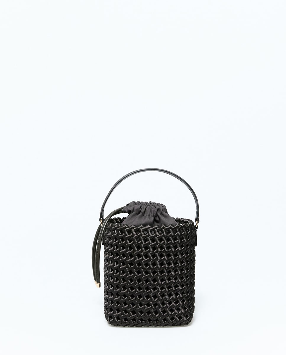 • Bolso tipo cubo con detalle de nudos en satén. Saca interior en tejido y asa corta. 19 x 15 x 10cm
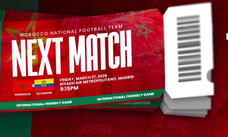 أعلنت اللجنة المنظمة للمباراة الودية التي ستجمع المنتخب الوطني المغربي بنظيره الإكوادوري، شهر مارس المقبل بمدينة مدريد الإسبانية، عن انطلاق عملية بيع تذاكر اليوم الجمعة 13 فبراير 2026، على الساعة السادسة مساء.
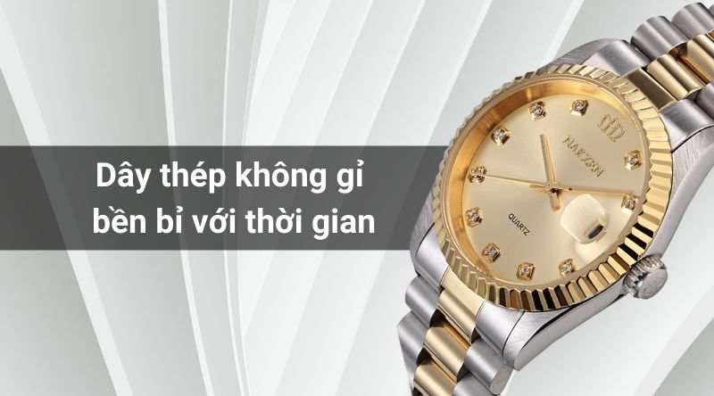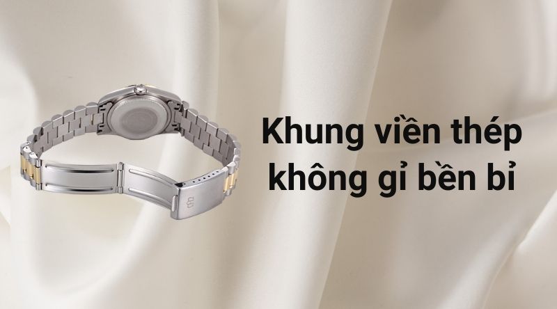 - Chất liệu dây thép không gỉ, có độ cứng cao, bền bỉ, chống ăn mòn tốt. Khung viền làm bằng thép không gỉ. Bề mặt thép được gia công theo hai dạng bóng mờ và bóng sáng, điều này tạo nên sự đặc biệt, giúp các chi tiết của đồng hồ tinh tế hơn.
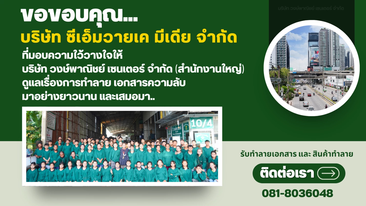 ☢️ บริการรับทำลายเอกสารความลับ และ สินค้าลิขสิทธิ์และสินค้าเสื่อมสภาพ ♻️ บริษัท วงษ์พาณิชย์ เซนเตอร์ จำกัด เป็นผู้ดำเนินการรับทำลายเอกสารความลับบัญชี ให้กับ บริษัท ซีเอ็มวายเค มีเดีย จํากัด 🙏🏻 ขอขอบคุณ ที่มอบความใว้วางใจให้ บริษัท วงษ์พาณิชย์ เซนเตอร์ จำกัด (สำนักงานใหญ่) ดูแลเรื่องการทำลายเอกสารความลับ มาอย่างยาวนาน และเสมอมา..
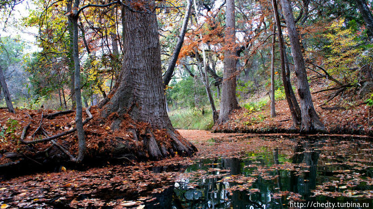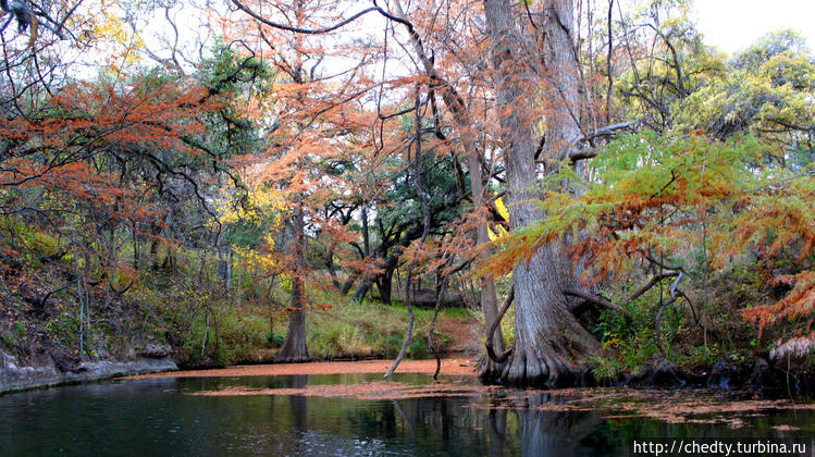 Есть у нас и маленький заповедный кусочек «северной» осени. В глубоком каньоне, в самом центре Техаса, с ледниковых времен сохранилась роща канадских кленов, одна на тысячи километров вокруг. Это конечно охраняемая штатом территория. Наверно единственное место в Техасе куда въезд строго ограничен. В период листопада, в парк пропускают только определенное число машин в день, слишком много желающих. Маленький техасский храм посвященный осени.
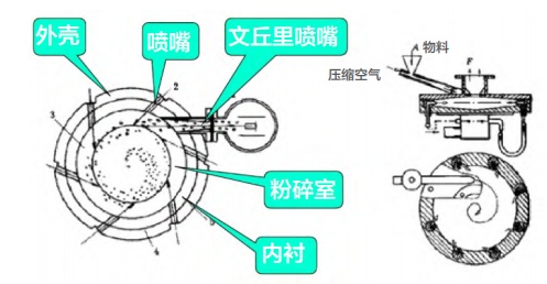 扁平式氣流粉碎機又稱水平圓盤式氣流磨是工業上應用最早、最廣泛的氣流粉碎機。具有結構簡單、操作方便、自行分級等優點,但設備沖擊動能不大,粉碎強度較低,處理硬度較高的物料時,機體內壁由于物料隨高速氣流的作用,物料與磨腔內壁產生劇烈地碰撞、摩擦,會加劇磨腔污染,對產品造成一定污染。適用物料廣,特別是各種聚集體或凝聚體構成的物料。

= = = = =

▶ _Problem requirements_: Set down the entries again without change. Leave the pictures out.

▶ _Finished task_:
 • Bolso tipo cubo con detalle de nudos en satén. Saca interior en tejido y asa corta. 19 x 15 x 10cm
 أعلنت اللجنة المنظمة للمباراة الودية التي ستجمع المنتخب الوطني المغربي بنظيره الإكوادوري، شهر مارس المقبل بمدينة مدريد الإسبانية، عن انطلاق عملية بيع تذاكر اليوم الجمعة 13 فبراير 2026، على الساعة السادسة مساء.
 - Chất liệu dây thép không gỉ, có độ cứng cao, bền bỉ, chống ăn mòn tốt. Khung viền làm bằng thép không gỉ. Bề mặt thép được gia công theo hai dạng bóng mờ và bóng sáng, điều này tạo nên sự đặc biệt, giúp các chi tiết của đồng hồ tinh tế hơn.
 ☢️ บริการรับทำลายเอกสารความลับ และ สินค้าลิขสิทธิ์และสินค้าเสื่อมสภาพ ♻️ บริษัท วงษ์พาณิชย์ เซนเตอร์ จำกัด เป็นผู้ดำเนินการรับทำลายเอกสารความลับบัญชี ให้กับ บริษัท ซีเอ็มวายเค มีเดีย จํากัด 🙏🏻 ขอขอบคุณ ที่มอบความใว้วางใจให้ บริษัท วงษ์พาณิชย์ เซนเตอร์ จำกัด (สำนักงานใหญ่) ดูแลเรื่องการทำลายเอกสารความลับ มาอย่างยาวนาน และเสมอมา..
 Есть у нас и маленький заповедный кусочек «северной» осени. В глубоком каньоне, в самом центре Техаса, с ледниковых времен сохранилась роща канадских кленов, одна на тысячи километров вокруг. Это конечно охраняемая штатом территория. Наверно единственное место в Техасе куда въезд строго ограничен. В период листопада, в парк пропускают только определенное число машин в день, слишком много желающих. Маленький техасский храм посвященный осени.
 扁平式氣流粉碎機又稱水平圓盤式氣流磨是工業上應用最早、最廣泛的氣流粉碎機。具有結構簡單、操作方便、自行分級等優點,但設備沖擊動能不大,粉碎強度較低,處理硬度較高的物料時,機體內壁由于物料隨高速氣流的作用,物料與磨腔內壁產生劇烈地碰撞、摩擦,會加劇磨腔污染,對產品造成一定污染。適用物料廣,特別是各種聚集體或凝聚體構成的物料。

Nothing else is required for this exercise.